Agreed. The stress is mostly unnecessary / internally inflicted in consulting. Clients don't give a damn about >50% of the bells and whistles partners / managers demand. So much for the 80:20 mantra consulting firms preach...

 
Most Helpful

Main issues are:

  1. Too much time wasted on fake team events: dinners, drinks, etc - when you work in consulting, the cohort is huge so 100 people at drinks every other Friday makes it just some corp event you just make small talk at without really bonding. In consulting attendance to these things matter a lot, so it's really just face time at work

  2. Problem creation: Consultants claim to be good at problem solving, but anyone who has worked in consulting knows it's about problem creation - convincing the client they have a problem they need to fix, etc. At work this attitude carries over, and within teams each layer above tries desperately to add value / create "pls fix" work for the layer below without actually providing good insights / meaningful thoughts. I felt my time in IB was better spent with MDs having real value adding comments from their previous deal experience, knowledge of buyer habits, etc

  3. Overrated "value add": Is the work really that interesting? Removing rose tinted glasses, consulting work is mostly reading existing data and interviewing people (primary / secondary research) - so you just collate all this data into slides. Not that glam really, and if the client had enough time / wanted to do it, they could do it much easier.. in IB some clients just don't have the technical capabilities / market understanding. Also, consulting partners tend to show up 24 hours before the presso, read the deck, and just present - this means you won't learn much from them vs a senior deal maker.

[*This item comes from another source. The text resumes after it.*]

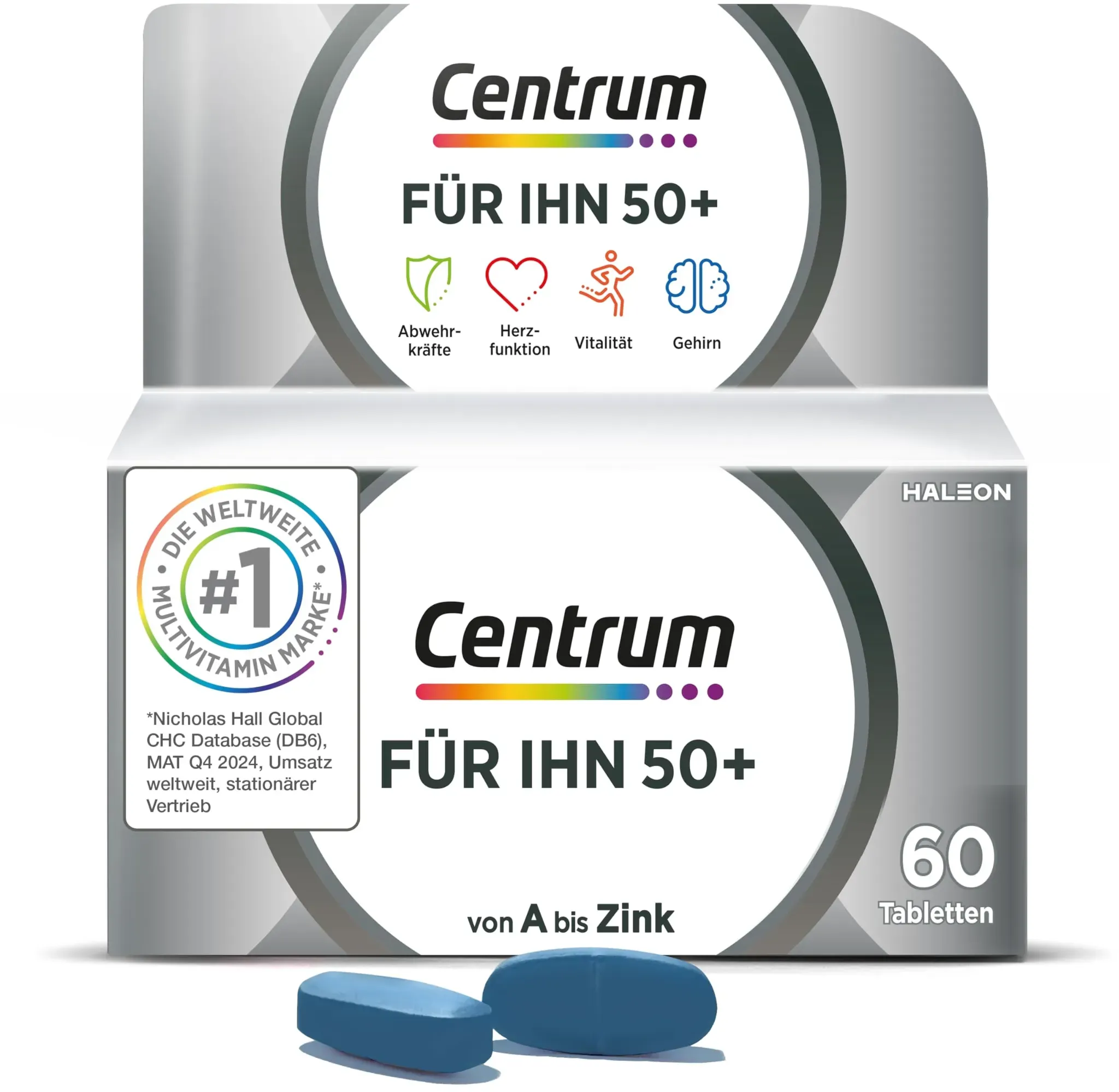 Zustand: Neu - 0,58 € / stück - Multivitamin & Mineralien Multivitaminpräparate & Mineralien - Centrum Pfizer Consumer Healthcare GmbH - 10110907 - EAN: 4150101109075 EAN: 4260639690195 - Die hochwertige Männer-Nährstoff-Formel versorgt Sie komplett mit lebensnotwendigen Vitaminen, Mineralstoffen und Spurenelementen Die Formulierung ist speziell für die Bedürfnisse von Männern ab 50 entwickelt Die Centrum Verpackungen werden derzeit sukzessive auf ein neues Design umgestellt; während der Umstellungszeit sind beide Versionen im Umlauf. Die Tablettenfarbe ist etwas dunkler als zuvor. glutenfrei - laktosefrei - gelatinefrei - bei Amazon.de Dieses Angebot ist mit 17.49 Euro eine gute Wahl für Männer, die "Centrum R Für Ihn 50+" mit 30 Stück ausprobieren möchten. Medpex.de Haleon Germany GmbH Centrum R Für Ihn 50+ 30 St

  4. Insecurity: someone above said Consultants tend to be insecure and I agree, or at least find this much more common vs finance. A lot of Consultants are just beta males, petty, whiny, and sensitive. In addition, I find most just ignorant of world issues / markets - might just be because they don't need to be on top of things like in finance, but it sure makes lunches boring

 

You're right - I did IB first then consulting before CD. IB offered a lot of learning but I wanted a risk-taking role so knew I'd end up in CD or PE in the Long run. I debated doing an MBA as an exit out of IB before PE / CD but was also pretty curious about consulting / felt I lacked "strategic / operational skills" - in the end I took the consulting offer instead knowing CD roles were less fussy about the MBA and I could satisfy my curiousity about consulting. So far CD has been the most enjoyable role for me. Are you considering a career switch?

 

Manager: Great analysis, but I don’t really like how you laid it out on the slide. Me: Okay what do you not like about it? Manager: I think we could just make it look better. Me: Okay what would you like me to change? Manager: ... Me: Alright I’ll work on it

 

Exactly mate - this was my point 2 above. Tons of comments / "pls fix"s with no damn tangible value add / direction in consulting.

In IB, at least an MD would say take off these buyers cause they don't have deal appetite, valuations could be higher because xxx or yyy. Of course there is some marketing intention built in, but the debates around the basis of these changes at least are somewhat intellectual vs baseless back and forth in consulting edits lol.